Je n’accorde pas la permission de faire appel

[7] La division d’appel accorde la permission de faire appel sauf si l’appel n’a aucune chance raisonnable de succès. On dit que l’appel a une chance raisonnable de succès s’il est possible qu’une erreur de compétence, de procédure, de droit ou un certain type d’erreur de fait ait été commiseNote de bas de page 3.

[8] Une fois que la partie demanderesse obtient la permission de la division d’appel, elle passe à l’appel proprement dit. La division d’appel décidera alors si la division générale a commis une erreur. S’il y a erreur, la division d’appel décidera la façon de la corriger.

Peut-on soutenir que la division générale a commis une erreur de procédure?

[9] La prestataire soutient que la procédure de la division générale était injuste. Elle écrit : [traduction] « C’était hypocrite d’avoir une décision unilatérale. On a conclu à une inconduite de ma part, mais aucune autre partie n’est tenue responsable de son inconduite et de sa discriminationNote de bas de page 4. »

[10] Je comprends qu’essentiellement, la prestataire reproche au membre de la division générale d’avoir fait preuve de parti pris puisqu’il s’est concentré uniquement sur sa conduite. La prestataire laisse entendre que la division générale aurait dû aussi examiner la conduite de son employeur. Elle affirme que celui-ci l’a discriminée parce qu’il ne lui a pas accordé d’exemption pour motifs religieux.

[11] Le membre de la division générale a bien fait de se concentrer sur la conduite de la prestataire plutôt que sur les actions ou les omissions de l’employeur. La division générale n’a tout simplement pas compétence pour décider si un employeur a agi correctementNote de bas de page 5. La division générale devait décider si le comportement de la prestataire constituait une inconduite, et si cette inconduite avait entraîné sa perte d’emploi. Bref, la division générale devait se concentrer sur la conduite de la prestataire.

[12] Je ne suis pas convaincue que l’appel a une chance raisonnable de succès sur ce point.

Peut-on soutenir que la division générale a commis une erreur de droit en concluant à l’inconduite?

[13] La prestataire soutient que la division générale a commis une erreur de droit lorsqu’elle a conclu à l’inconduite. Essentiellement, la prestataire dit que la division générale a mal interprété ce qu’est une inconduite.
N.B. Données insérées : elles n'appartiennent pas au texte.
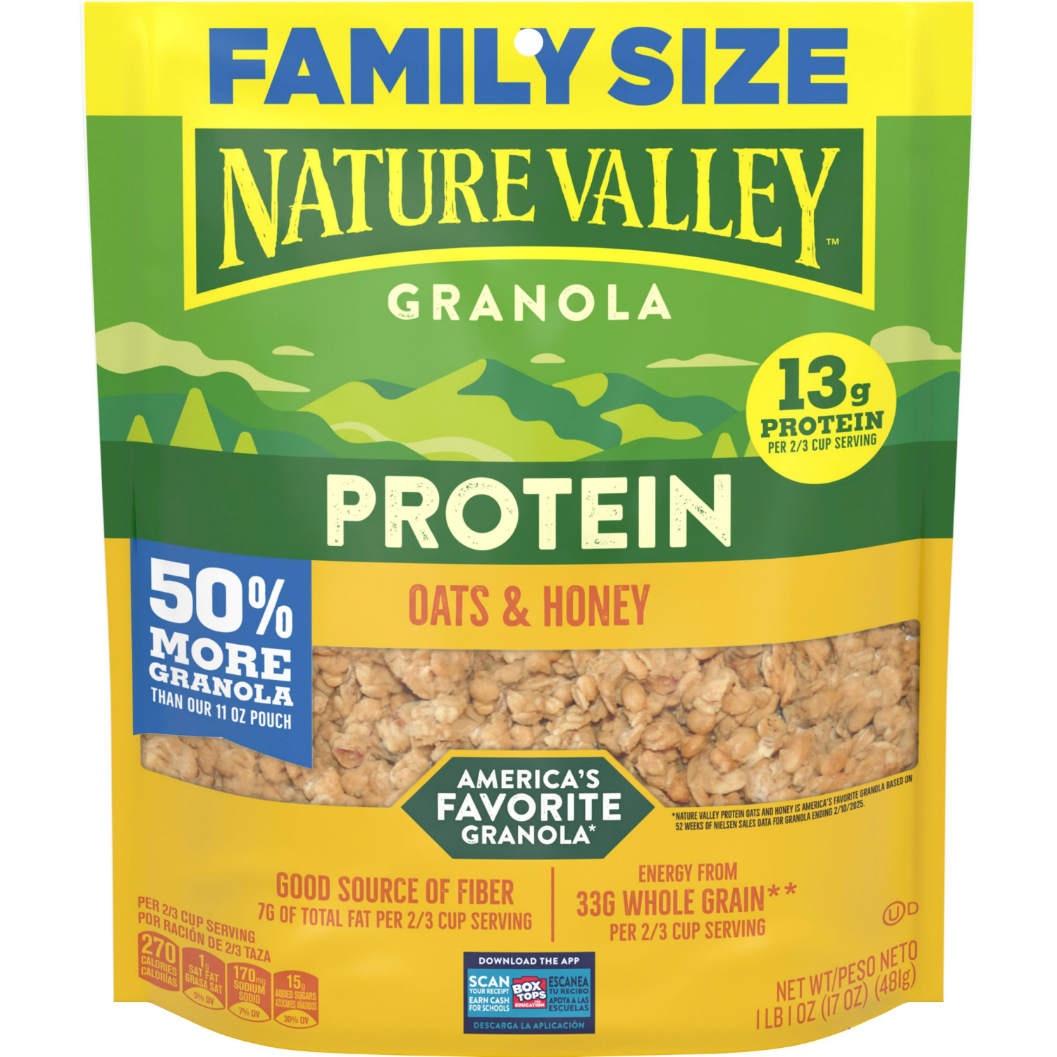 Nature Valley Protein Granola, Oats and Honey Granola, Resealable Snack Pouch, Family Size, 17 oz

[14] La prestataire a un problème de santé. Elle dit que la personne qui la supervisait était au courant. Pourtant, l’employeur a tout de même exigé qu’elle se fasse vacciner. Selon la prestataire, c’était discriminatoire. Elle fait valoir qu’il n’y a donc eu aucune inconduite de sa part.

[15] La division générale a souligné que la Loi sur l’assurance-emploi ne définit pas l’inconduite. Elle s’est donc tournée vers la Cour fédérale et la Cour d’appel fédérale pour orienter son raisonnement. Elle a expliqué que les décisions des tribunaux établissent le critère juridique et les exigences relatives à l’inconduite.

[16] La division générale a écrit :

[23] Je dois me concentrer sur ce que la prestataire a fait ou n’a pas fait et me demander si cela constitue une inconduite aux termes de la Loi sur l’assurance-emploi [citation omise]. Mon rôle n’est pas de décider si la politique de l’employeur, ou la suspension et le congédiement étaient raisonnables [citation omise].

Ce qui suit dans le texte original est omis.